Government are doing everything possible to conduct our wireless operations in the best possible way.

Mr Beasley - I should like more information about the qualifications required of the commissioners.

Mr FENTON - The Government will expect the commissioners to be men of good standing.

Mr Thompson - I take it that they will be specially qualified to do the work required of them.

Mr FENTON - I am not able at the moment to give the honorable member exact information as to the qualifications required of the governors of the British Broadcasting Corporation, when the control of wireless was transferred from private to government hands in Great Britain; but, speaking from memory, they were expected to be men with no axes to grind. It was recommended that they should be men of independent mind, good judgment, and outstanding ability. I may tell honorable members that it is expected by the Government that at least one lady will be appointed to the Australian commission.

Mr White - Will the commission be authorized to appoint sub-committees as the British Broadcasting Corporation can do?

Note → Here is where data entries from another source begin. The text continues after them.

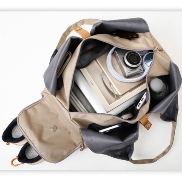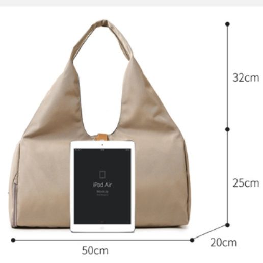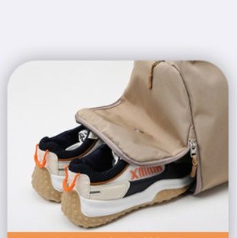トートバッグ本体には大容量のメイン収納に加え、シューズ専用の独立ポケットを装備しています。
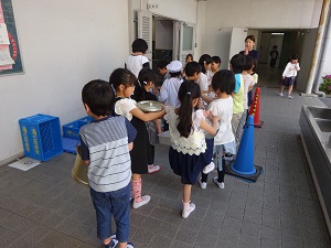 5月8日(月) 給食が終わったら、当番の人が食器を給食室に運んできます。給食室前で、声をそろえて「ごちそうさま」を言った後、それぞれの食器を決められた場所へ返します。牛乳びんは、給食室前のかごに返します。今日の肉じゃがもおいしくいただきました。
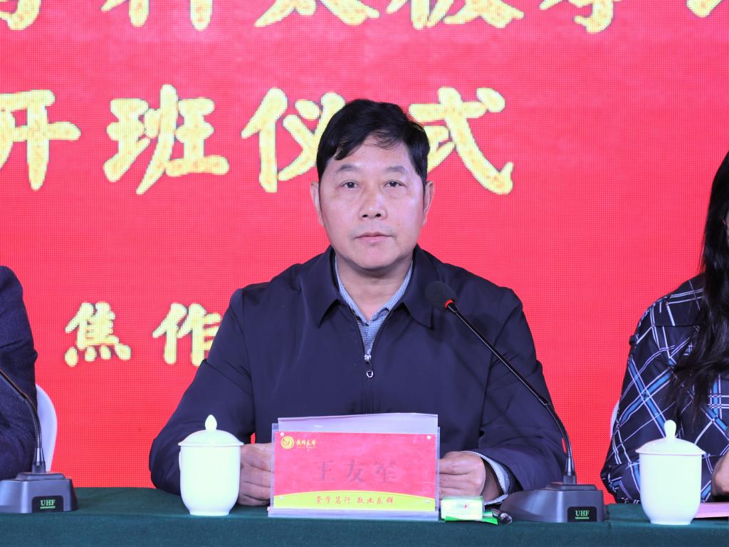 王友军首先致欢迎词。他介绍了太极武术学院的基本情况、教学优势、培训专家,表示我校作为承办院校,将用心用情做好此次培训的组织管理、教学实施和后勤服务工作,确保培训圆满举行。
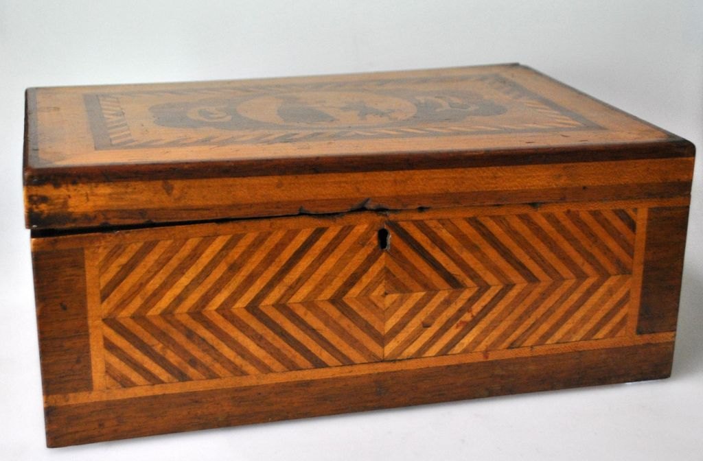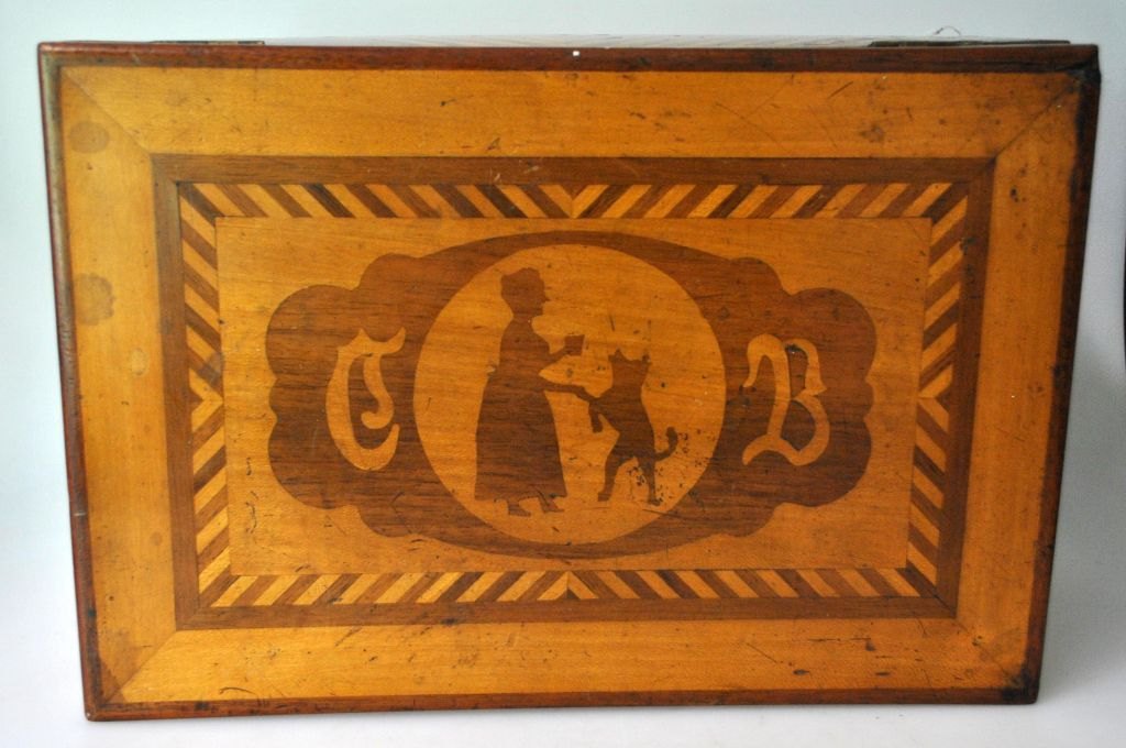 Dansk sy skrin i mahogni og frugttræ med intarsia. 19. årh. 28 x 19 x 11,5 cm. Intarsia i form af kvinde og hund og monogrtammet: CB. Indvendig med løftbar skuffe med rum. Lås mangler. Under bund label med navnet: Jos. Schmitz Nr. 116/1088.
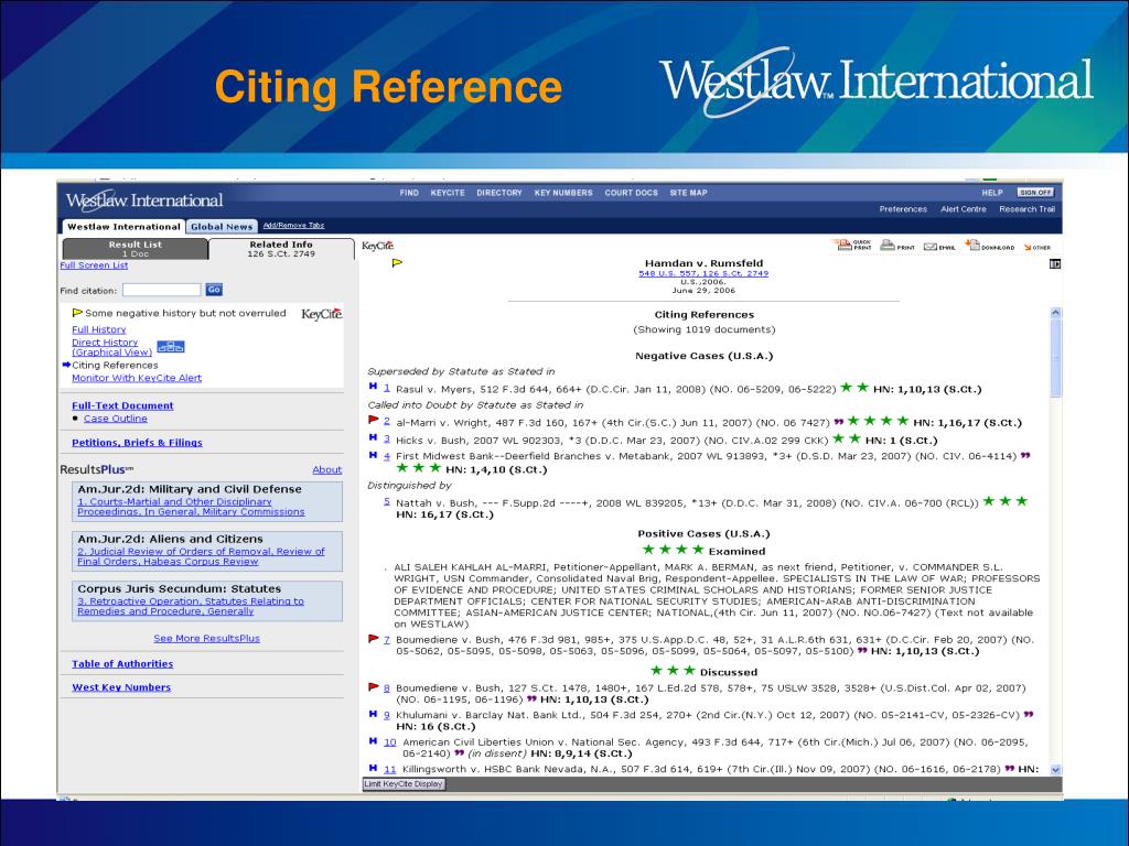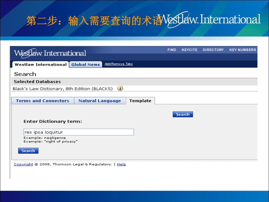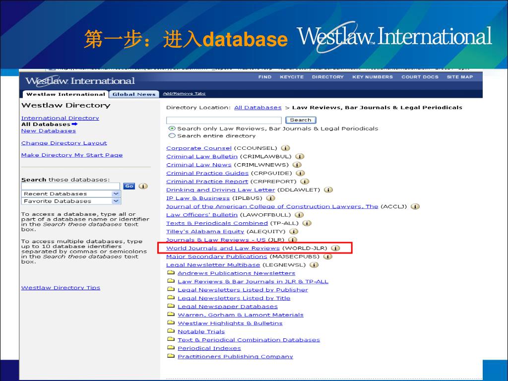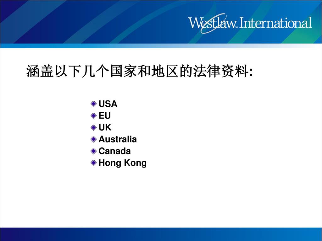 关于Westlaw • 诞生于1975年,30多年来已成为在线法律信息查询服务的领导者; • 包括Black’s Law Dictionary, American Law Reports 在内的诸多独有资源; • 超过32000个数据库, 1000余种法学专业期刊,个别数据库以每30分钟一次的速度更新; • 操作界面简单 ,资源间交叉参考功能强大; • 2008年起,为所有用户(包括试用)提供电子期刊导航。
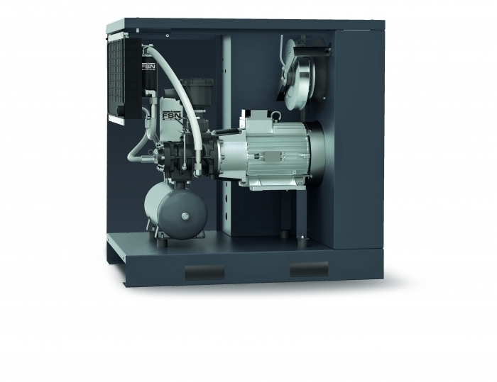 Los Compresores de la serie POLAR estan equipados con motores electricos de alta eficiencia con proteccion IP55 y clase de transmison de energia F. El aislamiento para el grupo tornillo se logra a traves de un acoplamiento flexible y un par de engranajes helicoidales. Esto permite una alineacion perfecta de los distintos componentes, lo que permite la maxima eficiencia en la transmision de energia.

Mr FENTON - Yes ; though these will be only advisory bodies.

Mr Guy - Is it proposed that the present allocation of the licence fees shall be maintained?

Mr FENTON - It is proposed that 12s. of the licence-fee shall be made available to the broadcasting commission. We hope, of course, that with the developments which will follow, some re-arrangement will be possible in the present allocation ; but the commission will certainly have 12s. of each licencefee, as under present conditions. Of the remaining 12s., 3s. will be set aside for patent rights, and 9s. will be taken by the Government. I hope that the measure will be kindly treated by honorable members, and receive a speedy passage.

Debate (on motion by Mr. A. Green) adjourned.